Division of Medical Oncology and Hematology, Kobe University Graduate School of Medicine, Kobe, Japan.
Division of Medical Oncology and Hematology, Kobe University Graduate School of Medicine, Kobe, Japan
Oncologist. 2019 Jul;24(7):885-e413. doi: 10.1634/theoncologist.2019-0156. Epub 2019 Mar 19.
The results of the APPEARANCE trial indicate that adapalene does not prevent acne-like rash over placebo when added to topical moisturizer and oral minocycline but instead may have a detrimental effect. Therefore, adapalene is not recommended as prophylaxis against acne-like rash induced by anti-epidermal growth factor receptor therapies.Given that acne-like rash was completely controlled with placebo in approximately half of patients, predictive measures to identify patients needing intensive prophylaxis are required.
Anti-epidermal growth factor receptor (EGFR) therapies are frequently associated with acne-like rash. To evaluate the prophylactic efficacy of adapalene, a topical retinoid used as first-line therapy for acne vulgaris, we conducted a randomized, placebo-controlled, evaluator-blinded, left-right comparative trial.

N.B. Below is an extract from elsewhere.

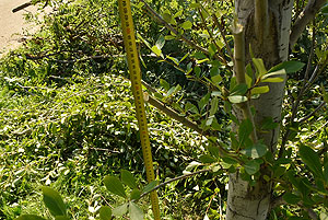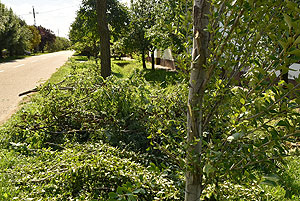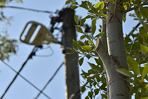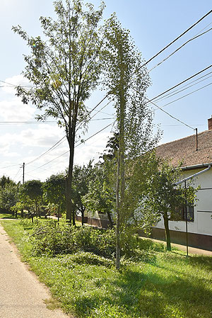 Ez világos, de kérdem én, hogy a Bercsényi utcában lévő kínai nyárfa 88 centiméterén nőtt az úttól 210 cm-re lévő ágacska mit takar az új ledlámpa fényéből? Gyakorlatilag a fa teljes keleti oldalát levágták! A pontosság kedvéért a villanyoszloptól 270 cm-re ültettük a fácskát. A fafajta kiválasztásánál és az ültetésnél gondosan figyeltünk arra, hogy ne legyen nagy lombú, ne nőjön bele a vezetékbe pont az ilyen csonkítások elkerülése végett.

Patients with non-small cell lung, colorectal, or head and neck cancer scheduled to receive anti-EGFR therapies were randomly assigned to once-daily adapalene application on one side of the face, with placebo on the other side. All patients had topical moisturizer coapplied to both sides of the face, and received oral minocycline. The primary endpoint was the difference in total facial lesion count of acne-like rash at 4 weeks. Secondary endpoints included complete control rate (CCR) of acne-like rash (≤5 facial lesions) and global skin assessment (Investigator's Global Assessment [IGA] scale, grade 0-4) at 4 weeks. Two blinded dermatologists independently evaluated the endpoints from photographs.
A total of 36 patients were enrolled, of whom 26 were evaluable. Adapalene treatment was associated with a greater lesion count than placebo at 4 weeks, although the difference was not statistically significant (mean, 12.6 vs. 9.8, = .12). All four patients with a difference >10 in lesion count between face sides had a greater count on the adapalene-treated side. No significant differences were observed in CCR of acne-like rash (54% vs. 50%) or IGA scale (mean grade, 1.9 vs. 1.7) between the adapalene and placebo sides.
Adapalene is not recommended as prophylaxis against acne-like rash induced by anti-EGFR therapies.
APPEARANCE 试验的结果表明,当阿达帕林与局部保湿剂和口服米诺环素联合使用时,并不会预防安慰剂样痤疮样皮疹,反而可能有不良影响。因此,不建议将阿达帕林用于预防表皮生长因子受体治疗引起的痤疮样皮疹。
鉴于大约一半的患者使用安慰剂可完全控制痤疮样皮疹,因此需要预测措施来识别需要强化预防的患者。
表皮生长因子受体(EGFR)治疗常伴有痤疮样皮疹。为了评估阿达帕林(一种用于治疗寻常痤疮的一线外用维 A 酸)的预防疗效,我们进行了一项随机、安慰剂对照、评估者盲法、左右侧比较试验。
计划接受抗 EGFR 治疗的非小细胞肺癌、结直肠癌或头颈部癌患者被随机分配至一侧面部每天应用阿达帕林,另一侧面部应用安慰剂。所有患者均在两侧面部同时使用局部保湿剂,并接受口服米诺环素。主要终点为 4 周时痤疮样皮疹的总面部皮损计数的差异。次要终点包括痤疮样皮疹的完全控制率(CCR,≤5 个面部皮损)和 4 周时的整体皮肤评估(研究者全球评估[IGA]量表,0-4 级)。两位盲法皮肤科医生独立根据照片评估终点。
共纳入 36 例患者,其中 26 例可评估。4 周时,阿达帕林治疗组的皮损计数大于安慰剂组,但差异无统计学意义(平均 12.6 对 9.8, = .12)。在面部两侧皮损计数差异>10 的 4 例患者中,阿达帕林治疗侧的皮损计数均更大。痤疮样皮疹的 CCR(54%对 50%)或 IGA 量表评分(平均等级,1.9 对 1.7)在阿达帕林组和安慰剂组之间无显著差异。
不建议将阿达帕林用于预防表皮生长因子受体治疗引起的痤疮样皮疹。